May 28, 2019
The cow said neigh and the pig said oink? Yup, you read that correctly. The cat did say hello and the farmer said moo but have you ever seen a bear combing his hair or a whale with a polka dotted tail down by the bay? I sure have!
I love using books or song books in music therapy sessions. Books such as “The Cow Said Neigh” by Rory Feek and “Down by the Bay” by Raffi can be used to work on so many more skills than just reading. They can be used to treat several goals that include visual stimulation, attention, socialization, creativity, expressive communication and language, distress tolerance, and memory recall. Of course, just like the music used in sessions, books are client preferred and age appropriate. Lots of books can be used in many different ways and for a variety of clients. For example, I might use the book “Brown Bear, Brown Bear What Do You See” by Bill Martin Jr. with a three year old client to work on animal and color identification, animal sounds, attention to task, and following directions. I could also use the same book with a 8-11 year old client to address expressive communication, distress tolerance and creativity by writing our own version of the book. Pink flamingo, pink flamingo, what do you see? Fun, right?

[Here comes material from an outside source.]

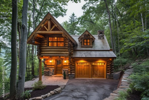 © Vlad, Naklejka premium Secluded Forest Cabin with Attached Garage: A Rural Retreat Amidst Nature's Splendor

Some books that I use originated as songs and then illustrated like “The Wheels on the Bus” or “Farmer in the Dell” and others I come up with a simple tune myself. One of the newer books that I have added to my collection is “The Cow Said Neigh” by Rory Feek. I use this book in sessions to address attention to task, animal identification, and distress tolerance. Sometimes clients have difficulty singing or reading about animals that make sounds other than the sound they are supposed to make. It can sometimes be tough to change a situation or alter what we know. Distress tolerance skills are used to help us cope when things do not go as planned or even in crisis. These skills also help us tolerate short or long term anxiety. The book, “The Cow Said Neigh” is a great book to work on these skills because the book definitely does not go to plan. The animals say things they are not supposed to say and everything seems to be a mess! Singing this book allows us to work on goals while also having fun and making music.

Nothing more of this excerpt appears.